Work to complete
Write every entry out again exactly, please, and skip the pictures.
==== Source data
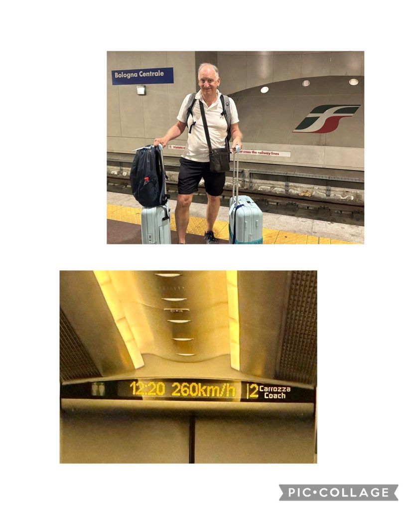 We are currently on a high-speed Italo train travelling at 260 kph through the countryside to Rome, our next stop on our adventure in Europe. We should get to our hotel right on Happy Hour with train travel in Italy so efficient and timely and then “Wine will be Calling Us” after a big day.
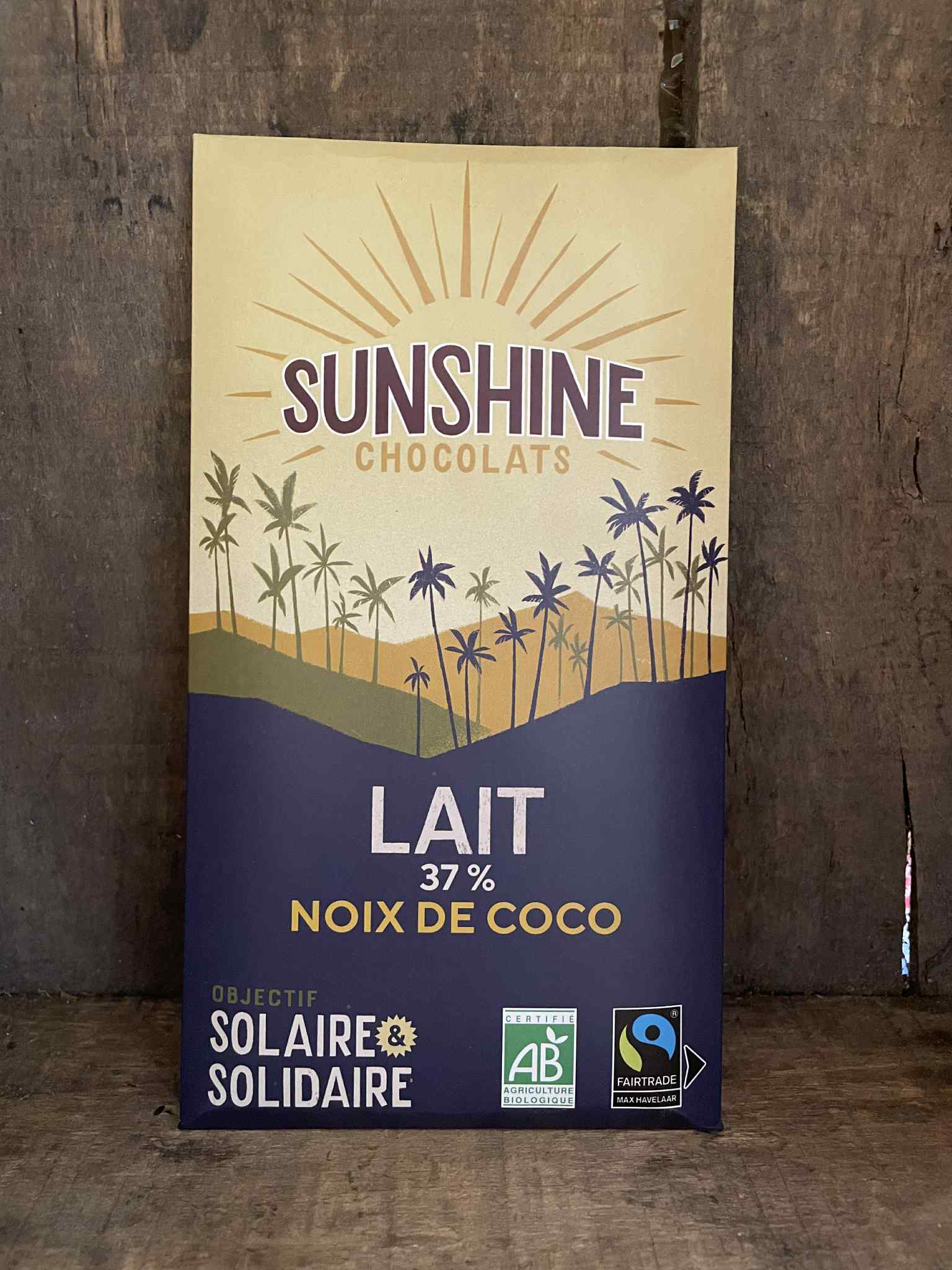 sucre de canne*, beurre de cacao*, lait entier* (18%), cacao*, pulpe de coco (10%), lait écrémé*, émulsifiant (lécithine de tournesol*), fleur de sel, vanille de Bourbon*. Cacao : 37% minimum.
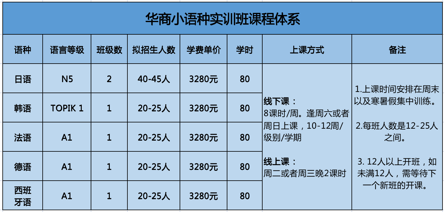 为深入贯彻落实国家战略方针及学校人才培养需要,丰富学生日常学习生活,提高学生语言学习兴趣,华商小语种实训班应运而生,在华商校内开设华商小语种实训班,面向全校招收有兴趣学习小语种的学生进行专项人才培养。
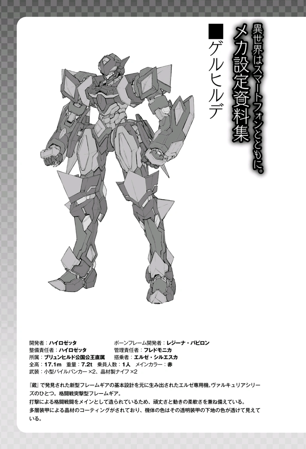 Gerhilde (ゲルヒルデ,Geruhirude?) is a Frame Gear dedicated to Elze Silhoueska. Its main color is red and it is a hand-to-hand combat assault type unit[12]. Gerhilde is the first exclusive FG build by High Rosetta and Fred Monica. This Frame Gear excels power and speed and has sturdy limbs to support this [13]. Gerhilde is equipped with pile bunkers made of phrasium on both hands[14]. Likewise, its armor is coated with phrasium for endurance that reacts with Elze’s「Boost」(which shifts Gerhilde into high power mode), engulfing it in a magical flame, while also boosting its speed and power[15]. It is also able to combine with Linze's unit, Helmwige, to act as a aerial support unit.[16]
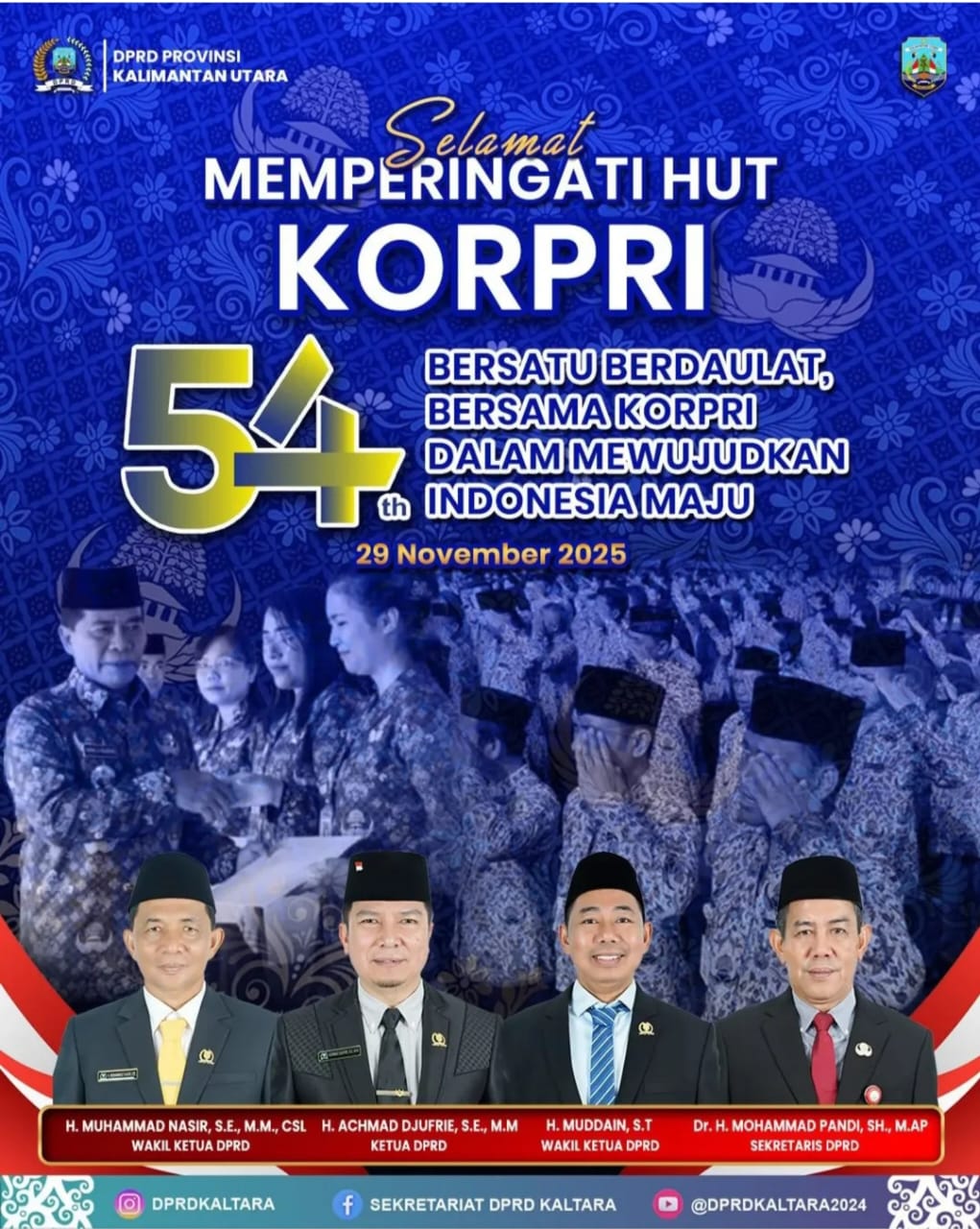 Peringatan HUT ke-54 KORPRI tahun ini menjadi momen refleksi sekaligus motivasi bagi ASN untuk memperkuat komitmen dalam memberikan pelayanan publik yang responsif, transparan, dan berintegritas tinggi. DPRD Kaltara juga berharap agar semangat KORPRI tetap menjadi kekuatan penting dalam mempercepat pembangunan di Provinsi Kalimantan Utara.(****)
========
Result of this exercise
 We are currently on a high-speed Italo train travelling at 260 kph through the countryside to Rome, our next stop on our adventure in Europe. We should get to our hotel right on Happy Hour with train travel in Italy so efficient and timely and then “Wine will be Calling Us” after a big day.
 sucre de canne*, beurre de cacao*, lait entier* (18%), cacao*, pulpe de coco (10%), lait écrémé*, émulsifiant (lécithine de tournesol*), fleur de sel, vanille de Bourbon*. Cacao : 37% minimum.
 为深入贯彻落实国家战略方针及学校人才培养需要,丰富学生日常学习生活,提高学生语言学习兴趣,华商小语种实训班应运而生,在华商校内开设华商小语种实训班,面向全校招收有兴趣学习小语种的学生进行专项人才培养。
 Gerhilde (ゲルヒルデ,Geruhirude?) is a Frame Gear dedicated to Elze Silhoueska. Its main color is red and it is a hand-to-hand combat assault type unit[12]. Gerhilde is the first exclusive FG build by High Rosetta and Fred Monica. This Frame Gear excels power and speed and has sturdy limbs to support this [13]. Gerhilde is equipped with pile bunkers made of phrasium on both hands[14]. Likewise, its armor is coated with phrasium for endurance that reacts with Elze’s「Boost」(which shifts Gerhilde into high power mode), engulfing it in a magical flame, while also boosting its speed and power[15]. It is also able to combine with Linze's unit, Helmwige, to act as a aerial support unit.[16]
 Peringatan HUT ke-54 KORPRI tahun ini menjadi momen refleksi sekaligus motivasi bagi ASN untuk memperkuat komitmen dalam memberikan pelayanan publik yang responsif, transparan, dan berintegritas tinggi. DPRD Kaltara juga berharap agar semangat KORPRI tetap menjadi kekuatan penting dalam mempercepat pembangunan di Provinsi Kalimantan Utara.(****)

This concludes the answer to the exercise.